= Defender-Europe 21 =

Defender-Europe 21 was a large-scale, United States Army-led, multinational joint exercise designed to build readiness and interoperability between the United States, NATO and partner militaries. Taking place between mid-March and June, it was one of the largest United States Army, NATO-led military exercises in Europe in decades. More than 28,000 personnel from 26 nations conducted nearly simultaneous operations across more than 30 training areas in a dozen countries.

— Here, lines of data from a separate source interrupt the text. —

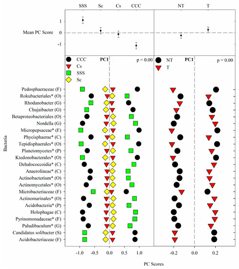 Mean bacterial principal component scores (PC) following 20 years of rotation and tillage treatments. Top panels show the bacterial mean PC score for both crop rotation and tillage main effects for PC1 based on the analysis of variance (ANOVA); error bars represent standard errors of the mean PC scores. Bottom panels show relative abundances (RAs) for each bacterial indicator ASVs by crop rotation and tillage effects. The main effects for PC1 are shown as CCC, continuous corn; Cs, corn phase of the corn-soybean rotation; Sc, soybean phase of the corn-soybean rotation; SSS, continuous soybean; NT, no-till; T, chisel tillage. For each taxon, the response of each ASV was calculated as the mean PC score multiplied by the PC loading score of a given ASV. The y-axes show the name of the ASV’s most explanatory taxonomic rank in parentheses (P, phylum; C, class; O, order; F, family; G, genus; S, species). The “*” after an ASV means it is uncultured.
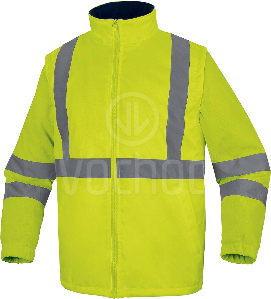 Bunda je vyrobena z plně vodotěsného a větruodolného materiálu, který spolehlivě ochrání před deštěm, chladem i větrem. Součástí je vyšší límec pro lepší ochranu krku a odnímatelné rukávy, díky nimž lze bundu snadno přeměnit na praktickou vestu. Termoizolační vrstva zajišťuje tepelný komfort i při nízkých teplotách. Vysokou viditelnost zaručují výrazné barvy a retroreflexní pásky, které splňují požadavky na bezpečnost při práci. Materiál je zároveň šetrný k pokožce a splňuje standard Oeko-Tex.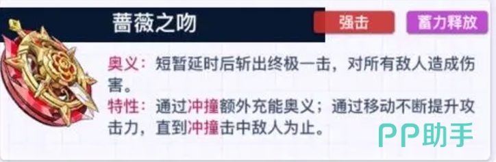 露丝忠于与陀螺手之间的契约,所以称号也被叫做蔷薇之吻,蔷薇之吻的奥义技能不仅仅是一次攻击,在这个技能激活后,经过三秒的紧张蓄力,这片战场上将绽放出一朵毁灭之花,对所有敌对单位施以相当于自身攻击力300%的打击,破坏力堪比爆炸效果,只要使用瞬间改变战场格局,当然如果对面有打断效果的话,需要大家精准捕捉敌方集群或不稳的时刻,使用这个大招才会达到理想的效果。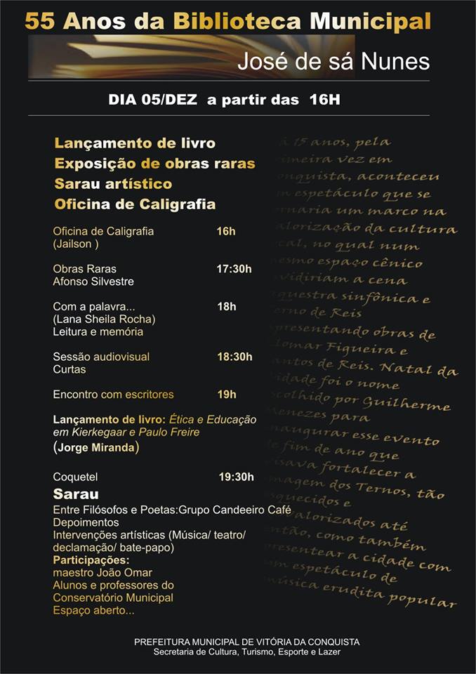 Nessa quinta-feira, 5, a Biblioteca Municipal José de Sá Nunes completa 55 anos. E para comemorar essa data tão especial, será realizado um ato comemorativo a partir das 16h, no local. A programação inclui exposição de obras raras, lançamento de livro, oficinas e um sarau artísticos.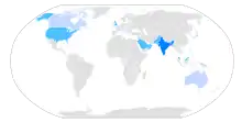 - Inglês – língua franca moderna e majoritária ou oficial em 58 países e 31 territórios não-soberanos, especialmente estes dentro da Commonwealth of Nations.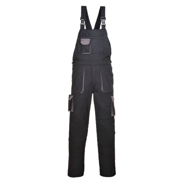 Die Latzhose besteht aus Portwest Texo Cotton Rich Gewebe, einer Mischung aus 60% Baumwolle und 40% Polyester mit einem Gewicht von 245g/m². Dieses Material bietet eine gute Balance zwischen Komfort und Strapazierfähigkeit. Der hohe Baumwollanteil sorgt für ein angenehmes Tragegefühl, während der Polyesteranteil die Hose widerstandsfähiger gegen Abnutzung und Formverlust macht. Die Latzhose ist einlaufgeschützt, sodass sie auch nach mehreren Waschgängen ihre Form behält.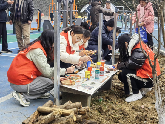 随后志愿者与居民共同参与到了绿色驿站升级改造活动中,用切片木块、画笔、颜料进行创作、装点。经过共同努力,玫瑰园的整体绿化焕然一新、生机盎然。这个“绿色驿站”被五颜六色的绿植装点得如诗如画,放眼望去的活力生机让人心旷神怡。改造升级后的“绿色驿站”已成为居民们健身休闲的好去处,也是居民们共同缔造美好家园的见证。
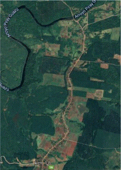Piray km 18 se fundó alrededor de la antigua empresa Celulosa Argentina entre las décadas de 1950 y 1960. Actualmente la mayor parte de las tierras en que se asienta la colonia y las plantaciones forestales son propiedad de la transnacional ARAUCO S.A[5]. Las casas se hallan en una franja de poco más de 70 metros al margen de la ex ruta 12, un camino de 4 km atravesado por el arroyo Piray Guazú y la ruta provincial 16, y el paisaje se caracteriza por la dimensión de las plantaciones forestales. A diferencia de otras colonias, Piray km 18 está organizada en tres barrios: Santa Teresa, Unión y Cruce[6]. La siguiente imagen satelital permite visualizar como se ubican las casas en los márgenes de la ex ruta 12 y la dimensión del espacio de las plantaciones.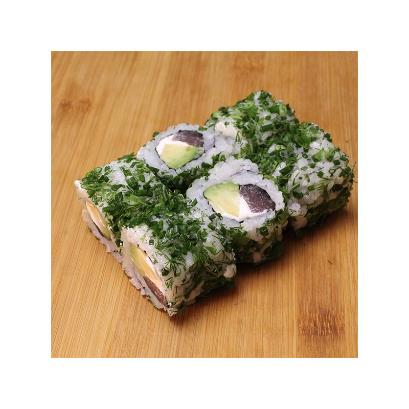 Maki inversé avec de la ciboulette, aneth et coriandre hachées.

It included a greater number of NATO and partner nations conducting activities over a wider area than what was planned for in 2020. Defender-Europe 21 also included significant involvement of the United States Air Force and United States Navy. The exercise utilized key ground and maritime routes bridging Europe, Asia and Africa. It incorporated new or high-end capabilities including air and missile assets, as well as assets from the United States Army Security Force Assistance Brigades and the recently reactivated V Corps.

Gen. Christopher G. Cavoli, commanding general of the United States Army Europe and Africa, said that "While we are closely monitoring the COVID situation, we've proven we have the capability to train safely despite the pandemic." Russian Defense Minister Sergey Shoigu said that Russia has deployed troops to its western borders for "combat training exercises" in response to NATO "military activities that threaten Russia."